WORK INSTRUCTION.
These records contain pictures, which must be left out; copy exactly the lines from the one with "This paper explores" up to and including the one with "台達電子 PM2.5直流變頻".

MATERIAL PROVIDED.
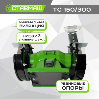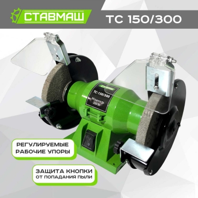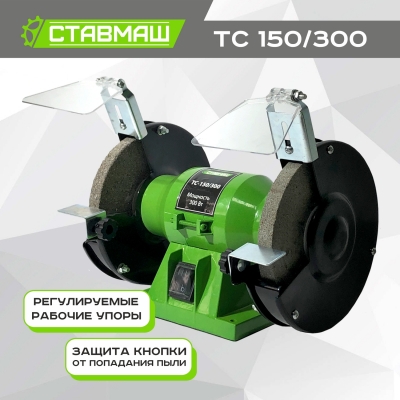 Заточной станок Ставмаш СТ-150/300 предназначен для затачивания режущих инструментов при помощи вертикально вращающихся заточных дисков. Модель оснащена асинхронным двигателем мощностью 300 Вт. По обе стороны от двигателя установлены заточные диски диаметром 150 мм и шириной 20 мм с различной зернистостью. Абразив диска используется для восстановления эксплуатационных свойств ручного инструмента, такого как ножи, топоры, стамески и т. п.; для снятия заусенцев, фасок, обдирки на небольших заготовках. Оба диска оснащены защитными кожухами (листовая сталь), искрозащитными экранами (пластик). Основание станка выполнено из качественного металла, что обеспечивает прочность и устойчивость. На переднюю часть станины выведен выключатель. Имеются отверстия для крепления к верстаку.
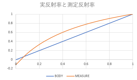 測定反射率と実反射率の関係は、インク面の場合おおむね以下のようになります。
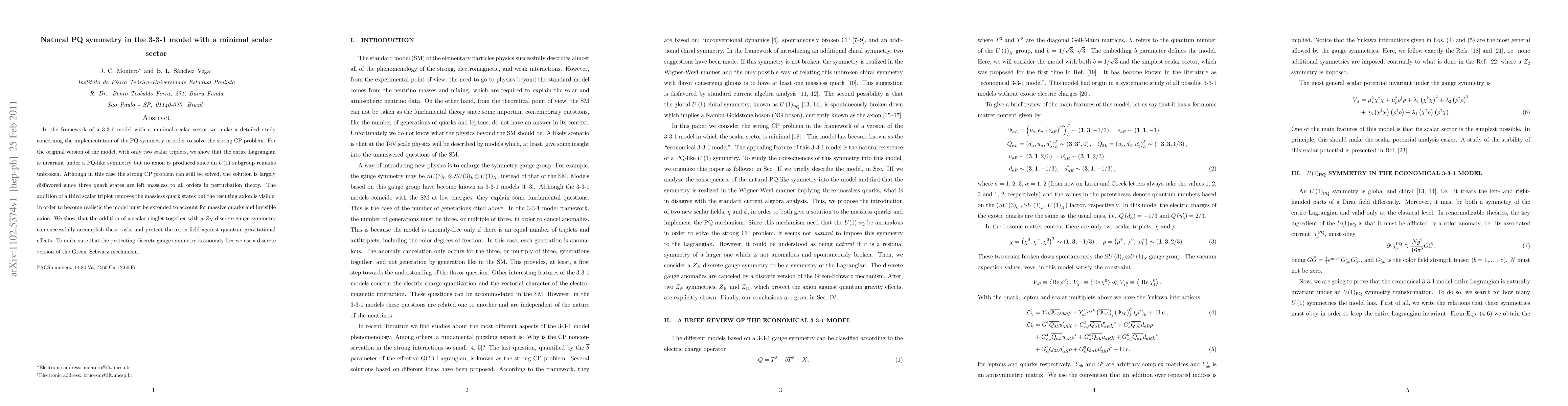 This paper explores the PQ symmetry implementation in a 3-3-1 model with a minimal scalar sector to address the strong CP problem, showing that while the original model can solve the problem, it leaves massless quarks. The addition of a third scalar triplet resolves this but produces a visible axion. The model is extended to include a scalar singlet and a Z_N symmetry to account for massive quarks and an invisible axion, employing a discrete Green-Schwarz mechanism to ensure anomaly freedom.
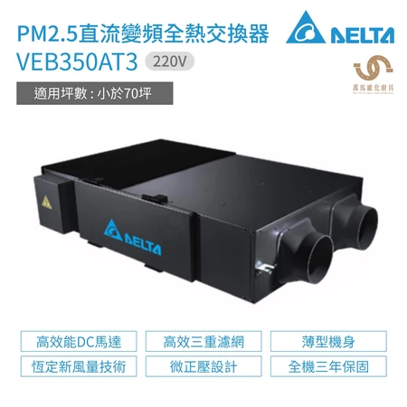 台達電子 PM2.5直流變頻全熱交換器VEB350AT3+液晶控制面板(電壓220V)無安裝
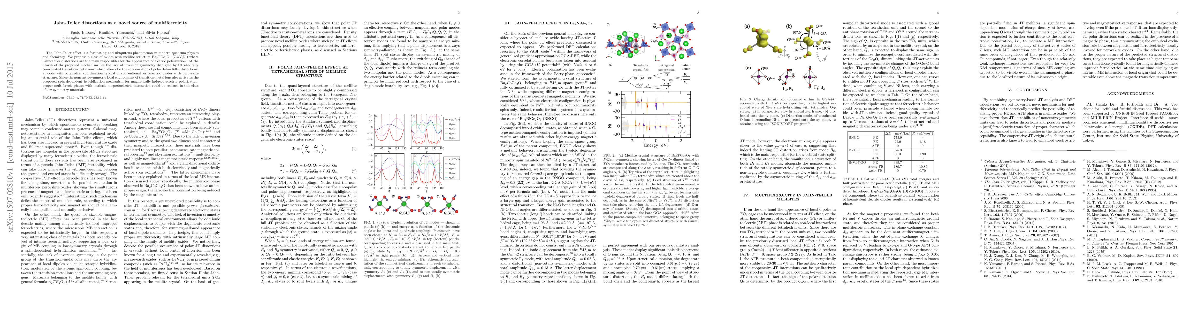 The Jahn-Teller effect is a fascinating and ubiquitous phenomenon in modern quantum physics and chemistry. We propose a class of oxides with melilite structure Ba$_2$TGe$_2$O$_7$ (T=V,Ni) where Jahn-Teller distortions are the main responsibles for the appearance of electric polarization. At the hearth of the proposed mechanism lies the lack of inversion symmetry displayed by tetrahedrally coordinated transition-metal ions, which allows for the condensation of polar Jahn-Teller distortions, at odds with octahedral coordination typical of conventional ferroelectric oxides with perovskite structure. Since the noncentrosymmetric local environment of transition-metal ions also activates the proposed spin-dependent hybridization mechanism for magnetically-induced electric polarization, proper multiferroic phases with intrinsic magnetoelectric interaction could be realized in this class of low-symmetry materials.

ANSWER BOX.
 This paper explores the PQ symmetry implementation in a 3-3-1 model with a minimal scalar sector to address the strong CP problem, showing that while the original model can solve the problem, it leaves massless quarks. The addition of a third scalar triplet resolves this but produces a visible axion. The model is extended to include a scalar singlet and a Z_N symmetry to account for massive quarks and an invisible axion, employing a discrete Green-Schwarz mechanism to ensure anomaly freedom.
 台達電子 PM2.5直流變頻全熱交換器VEB350AT3+液晶控制面板(電壓220V)無安裝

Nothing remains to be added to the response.